What does your position pay?"

  "It depends in a measure--only in a measure--" answered Mr. Stevens with a careworn deliberateness, "on one's familiarity with our machine. What machine do you use, Mrs. Henry?"

  "My machine is a Mossback," answered Mrs. Henry, defiantly.

  "And a very good machine it is," observed Mr. Stevens, promptly. "The Mossback is a very good machine, though we see but few Mossbacks now. I know I have heard my mother say she used to use one--I think before the war--but perhaps I'm taking too much of your time."

  "Oh, no."

  "How long did you say you had had your machine, Mrs. Henry?"

  "Some little time."

  "Might I look at it?"

  "It isn't necessary."

  "Would you consider taking a position such as the one I speak of? Or could you recommend me, Mrs. Henry, to a lady of business tact and discretion, who is posted on the Marsale machine, to fill such a position? Experience is not really necessary--beyond such as could quickly be acquired."
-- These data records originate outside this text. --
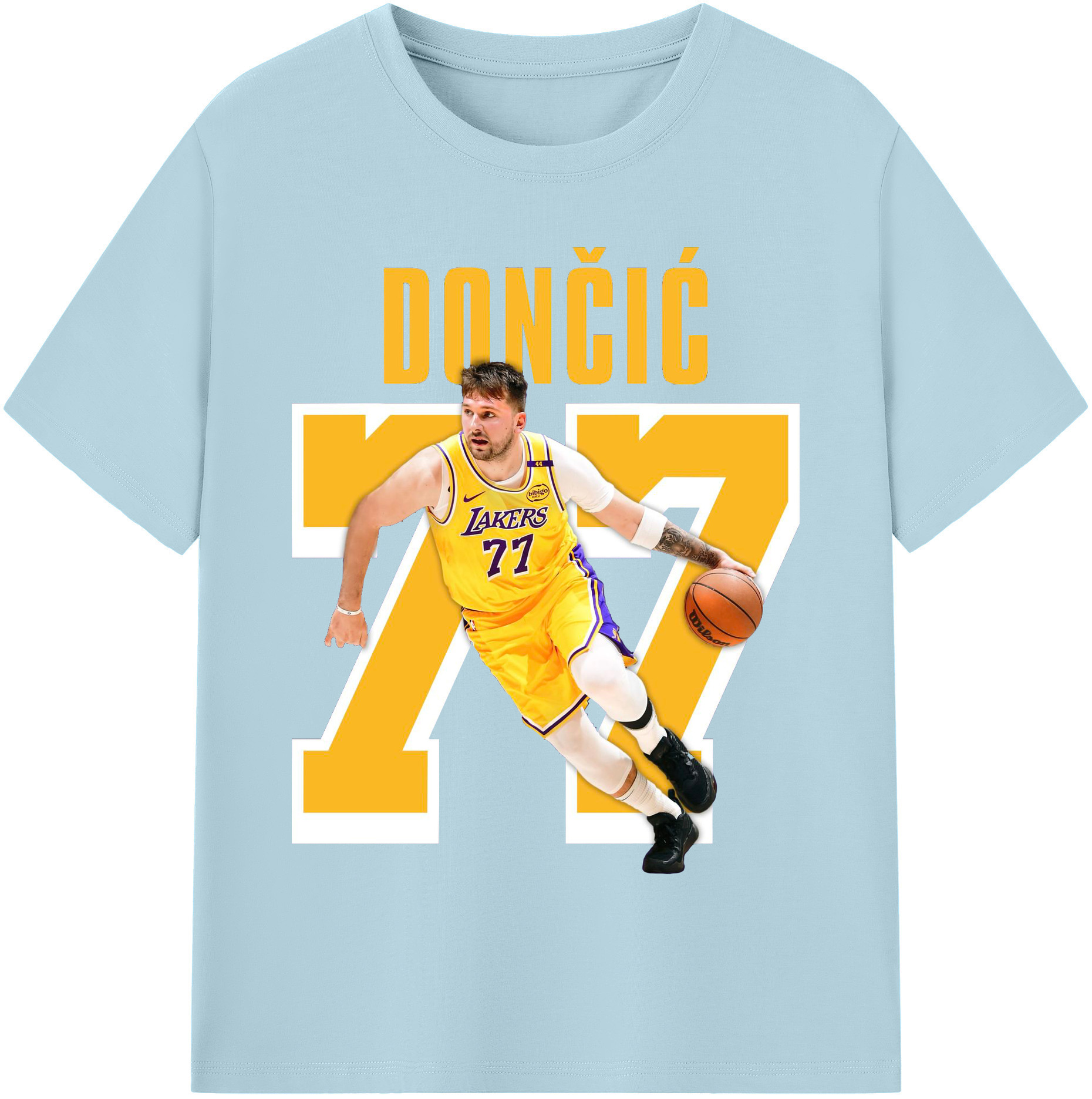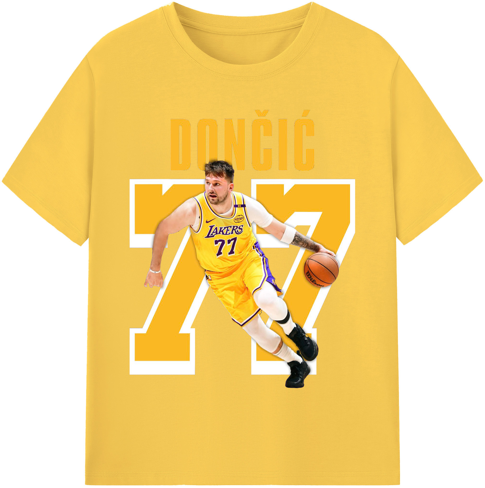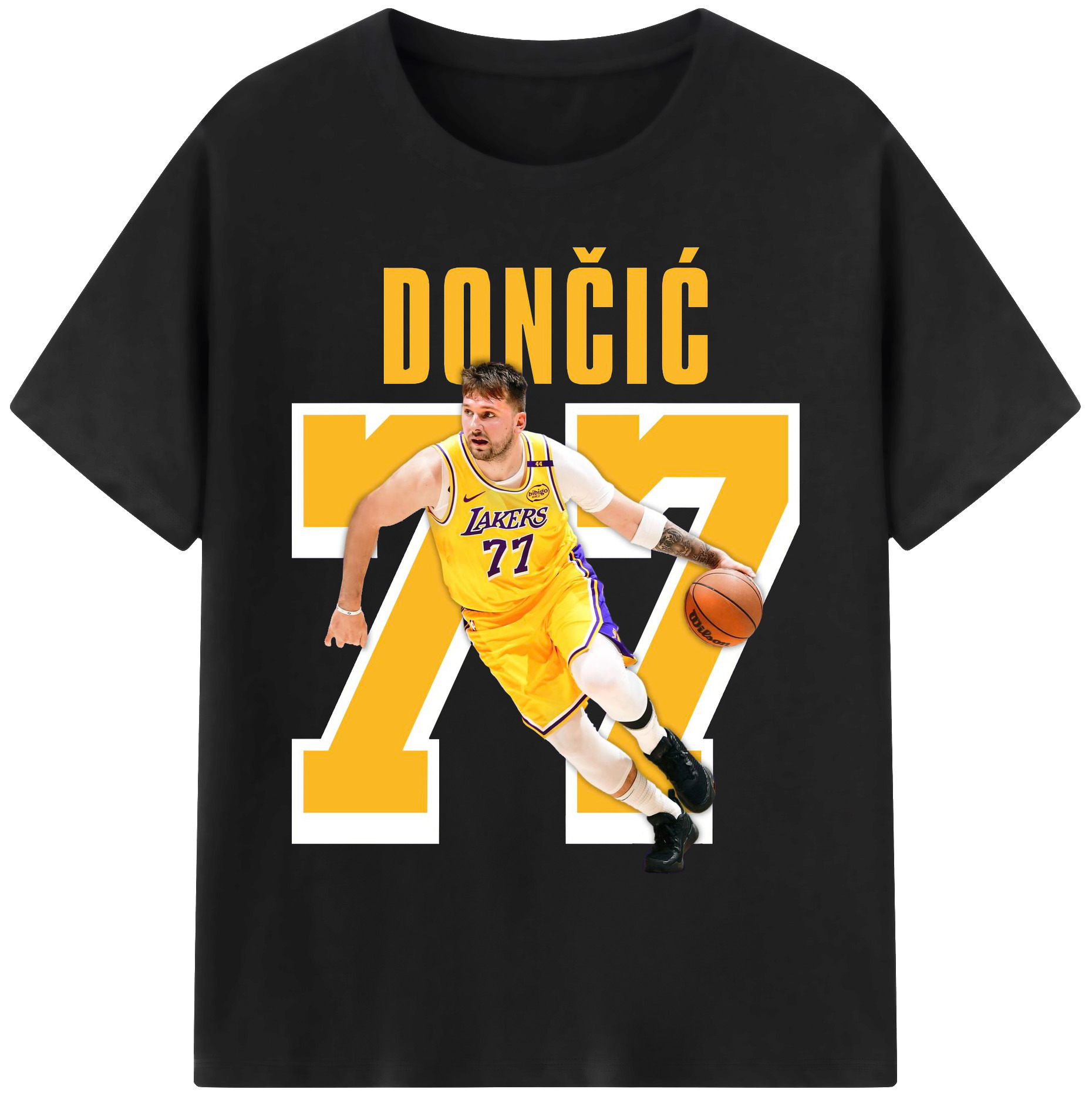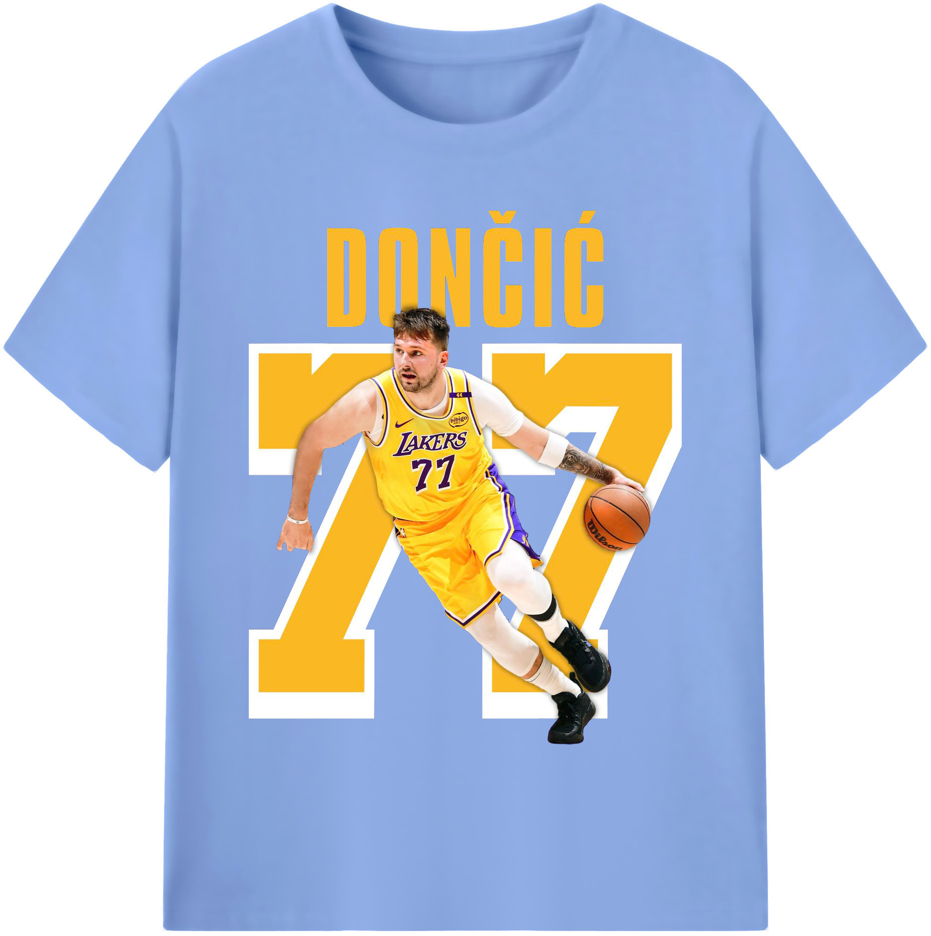 Luka Dončić #77 Lakers Shirt - 180g Cotton T-Shirt With Front Heat Transfer Print – Soft, Lightweight, Fitted Design – Comfortable Casual Wear For Sports & Everyday Use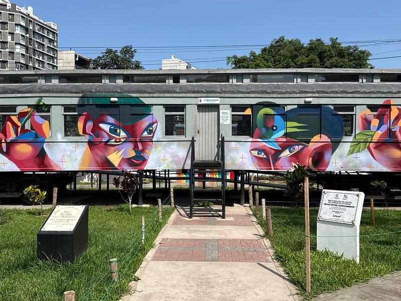 A historic train carriage in Lima, transformed into a vibrant cultural and educational space through urban art.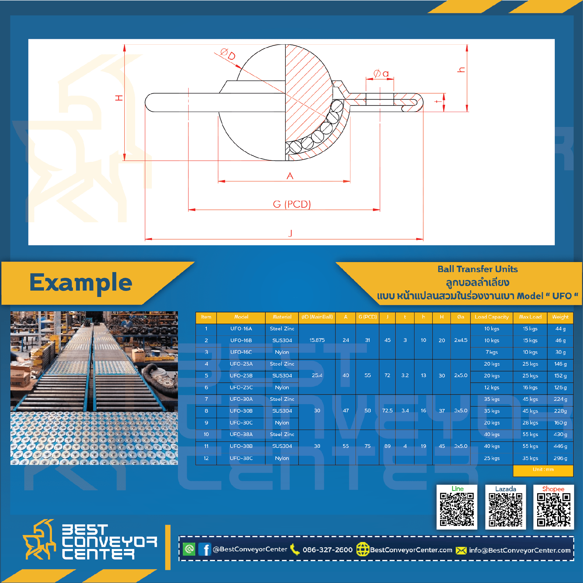 UFO-38A Ball Transfer Units แบบหน้าแปลนวงกลม 38 mm. (Steel Zinc)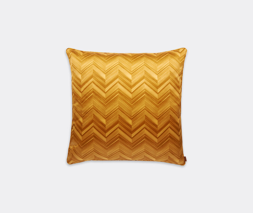 An elegant combination of cotton sateen and Missoni's signature chevron motif, the 'Layers Inlay' collection makes for a series of memorable interior accents. This large square cushion bears the series' hallmark of a faded chevron pattern in gold, which is placed alongside a logo label for an interior presence that is subtle and yet unmistakably Missoni. The cushion is suited to a variety of environments in the home and can be displayed alone or as part of an ensemble with other colors from the collection.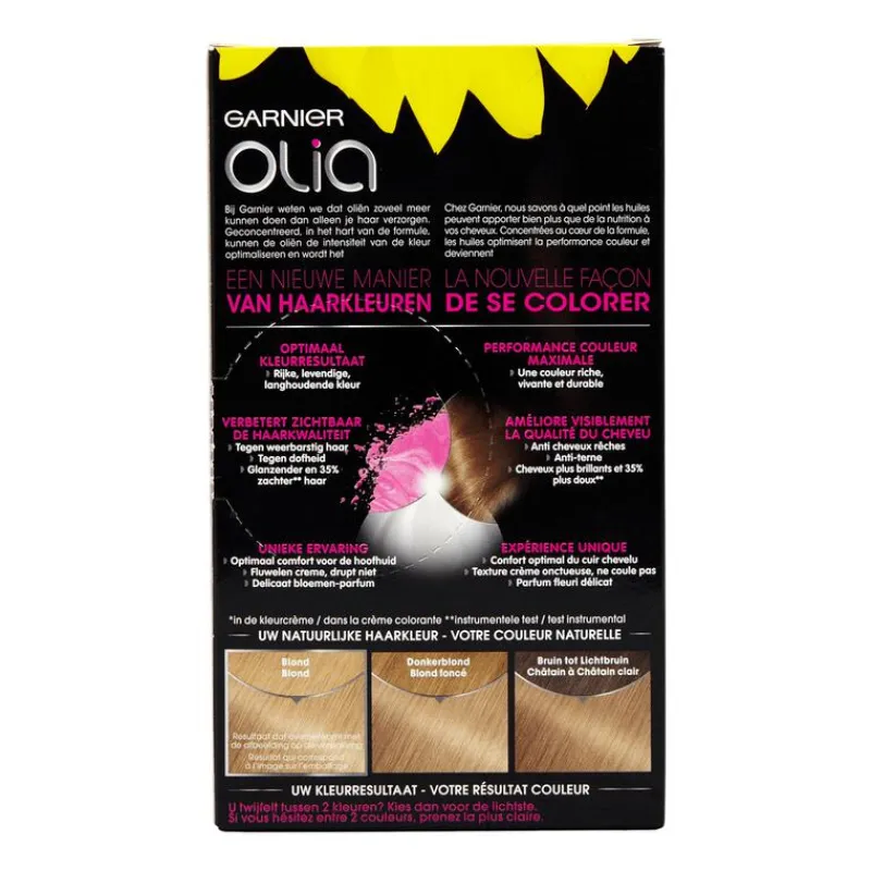 Garnier Olia is een permanente haarkleuring op basis van oliën, biedt tot 100% grijsdekking zonder ammoniak voor een aangename geur. Door de mix van oliën met natuurlijke bloemen die zijn toegevoegd aan de kleurcrème, dringen de kleurpigmenten tot dieper in je haar. Dit zorgt voor optimaal resultaat en zichtbare verbetering van haarkwaliteit. De verpakking bevat kleurcrème, ontwikkelcrème, nabehandeling, handschoenen en gebruiksaanwijzing. De fluweelzachte textuur maakt thuisapplicatie eenvoudig, terwijl de nabehandeling zonder siliconen het haar natuurlijk laat aanvoelen, met langdurige glans en verzorging.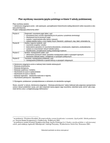 Plan wynikowy nauczania języka polskiego w klasie V szkoły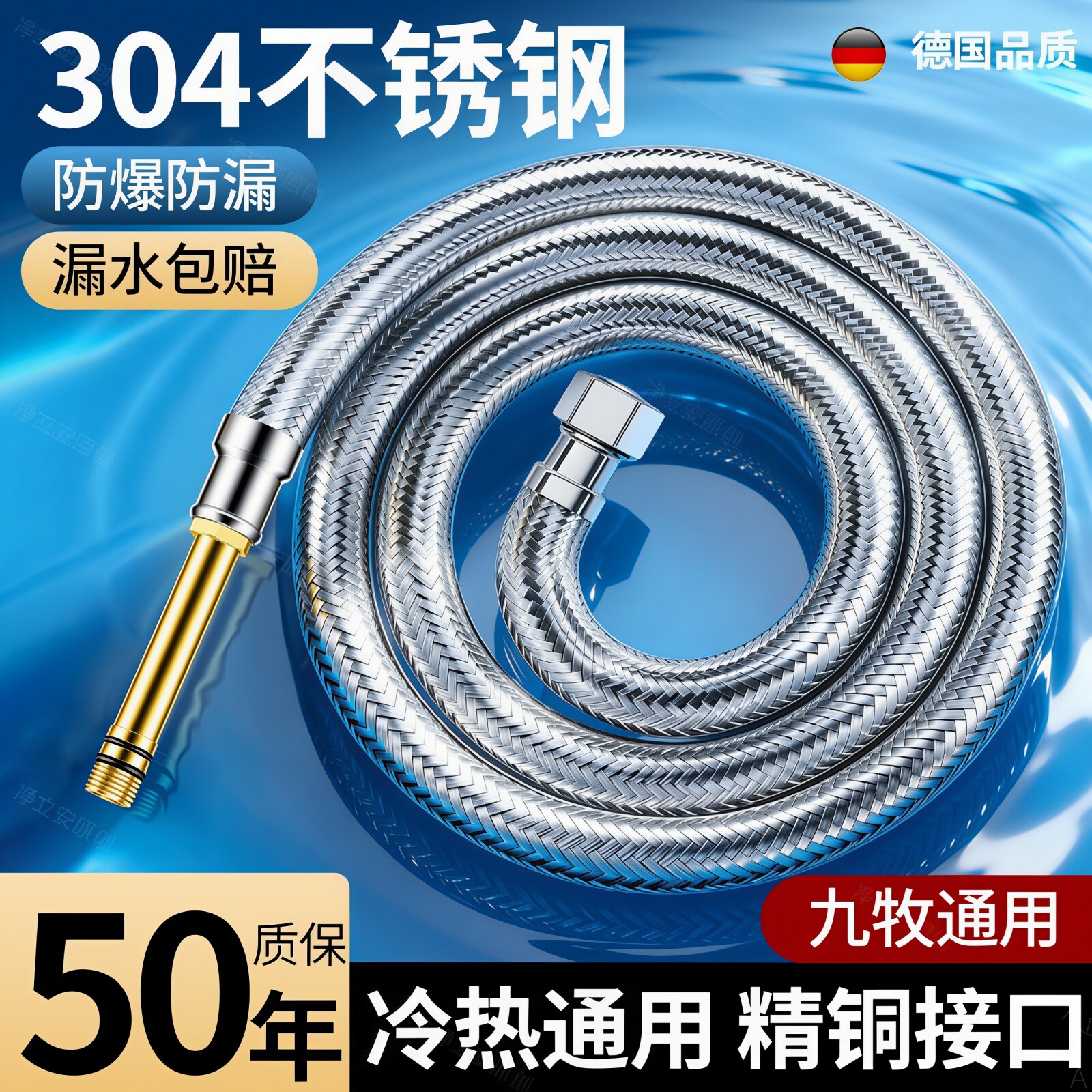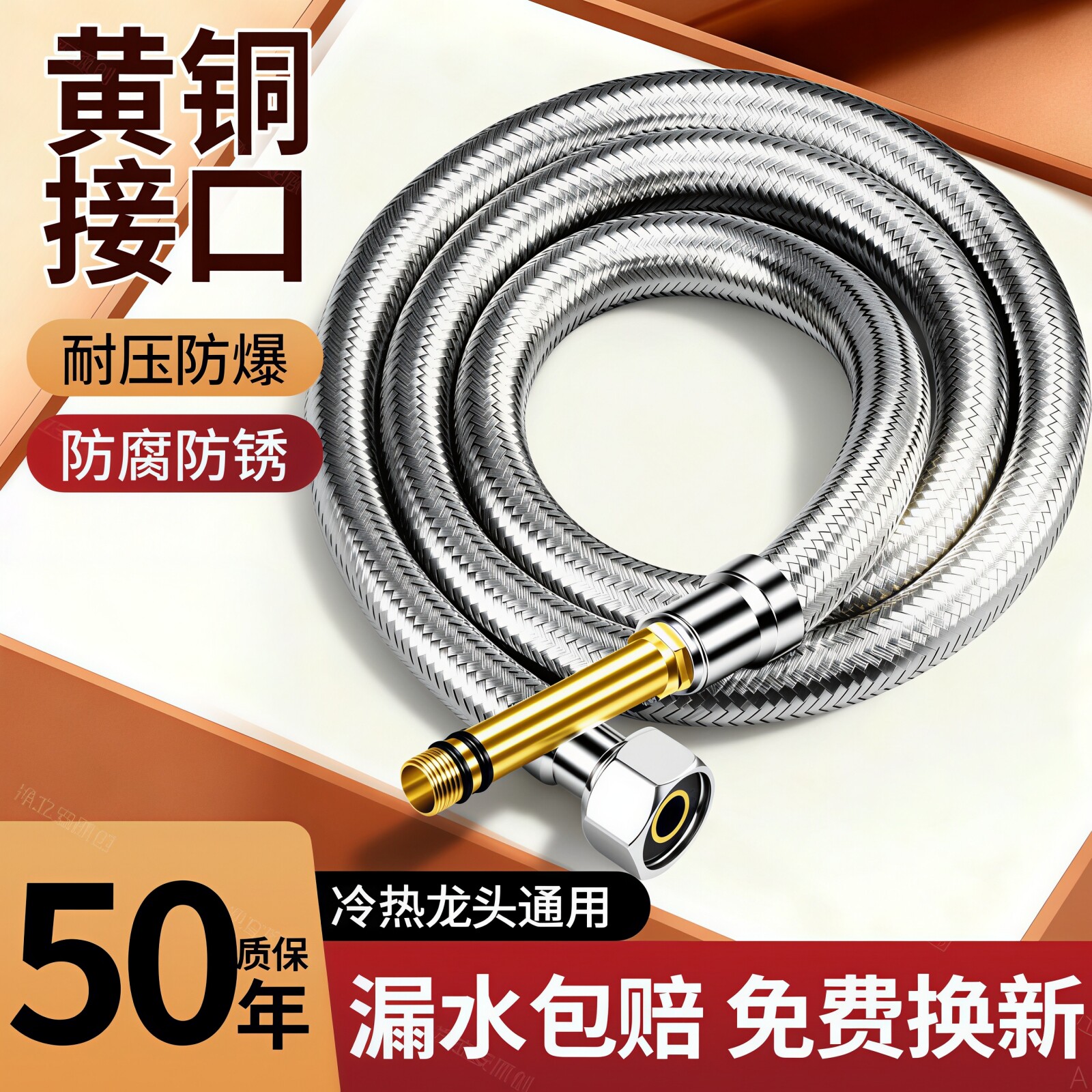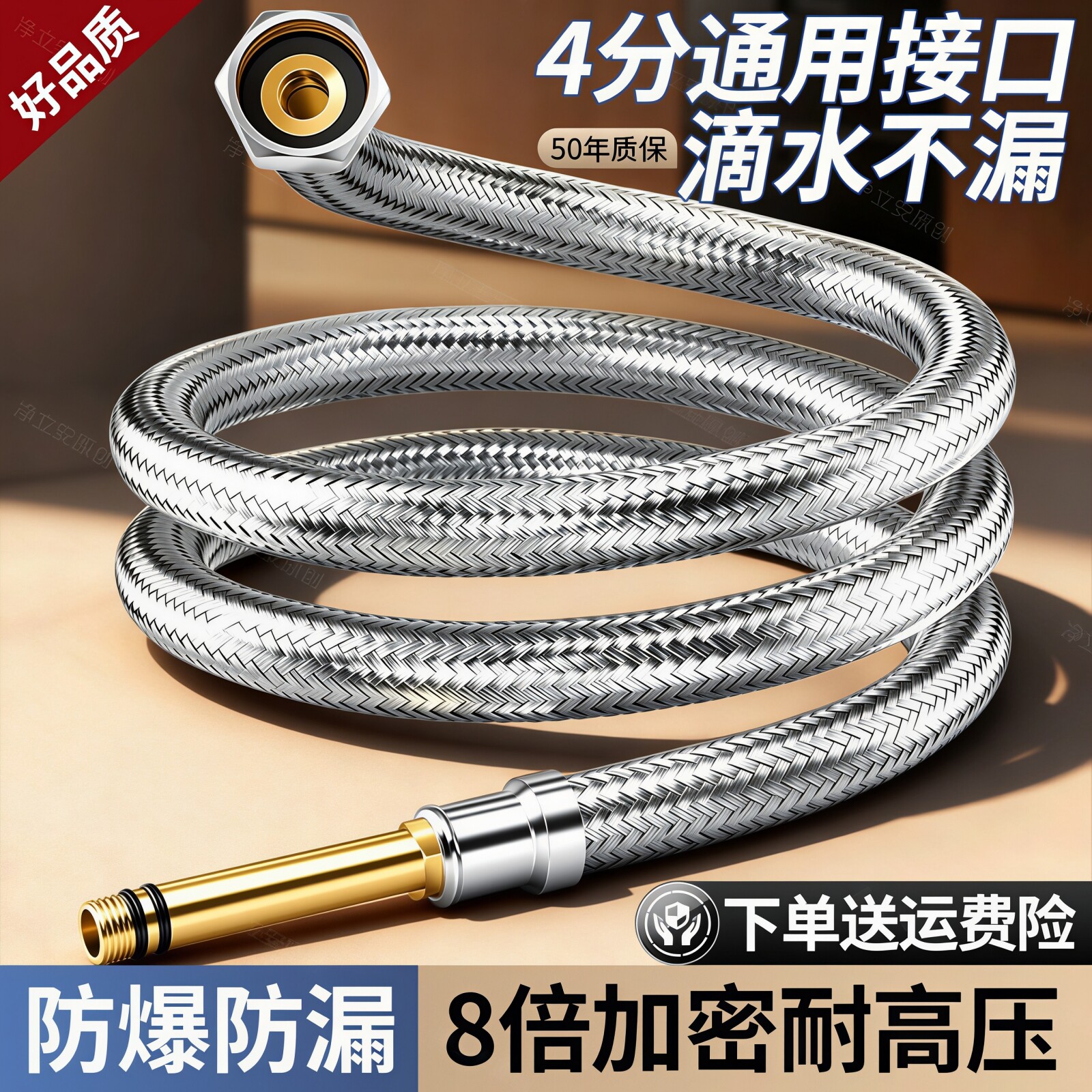 厨房冷热水龙头软管进水管防爆不锈钢编织尖头加长连接管热水器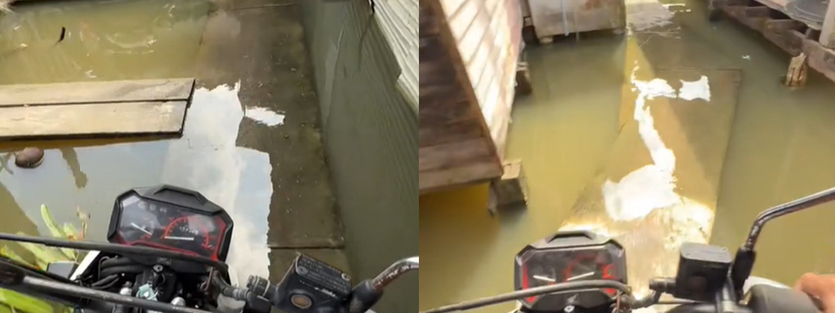 ผู้ใช้ TikTok @stopwolfblack ได้เผยภาพหนุ่มชาวสุราษฎร์ธานีกำลังขี่มอเตอร์ไซค์กลับบ้าน แต่สิ่งที่ทำชาวเน็ตนั่งลุ้นนั้นคือทางเข้าบ้านนี่แหละ ทั้งถนนแคบและน้ำท่วมในบางพื้นที่ กว่าจะเข้าบ้านได้พากันลุ้นจนตัวเกร็ง ถ้าไม่ชำนาญทางจริงคงมีพลาดตกแน่ ๆ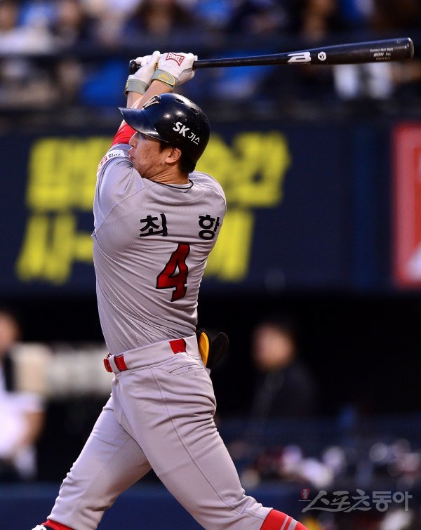 30일 서울 잠실야구장에서 ‘2018 신한은행 MY CAR KBO리그’ SK와이번스와 두산베어스 경기가 열렸다. 5회초 2사 1루 SK 최항이 중월 투런 홈런을 날리고 있다.

  Mrs. Henry wiped her nose tentatively. "I don't think I should be competent to take the place--what are the nature of the duties?"

  "Principally executive, Mrs. Henry; occasionally demonstrating the points of the machine to large buyers. Have you seen the late improvements on the new Marsale, Mrs. Henry? No? Indeed? Well really, is that so?" Mr. Stevens' eyes brightened in a sad way. The pleasure that he felt was in store for Mrs. Henry seemed to relieve the heaviness of his reflections. He touched very, very gently on some of the salient features of the Marsale Machine. "But, perhaps," said he in conclusion, checking his natural enthusiasm, "am I taking too much of your time?"

  Mrs. Henry fidgeted a little but made no distinct protest. Taking the life, Mr. Stevens dropped with such feeling into his own intimate affairs that before she realized it Mrs. Henry was asking what his wife had died of.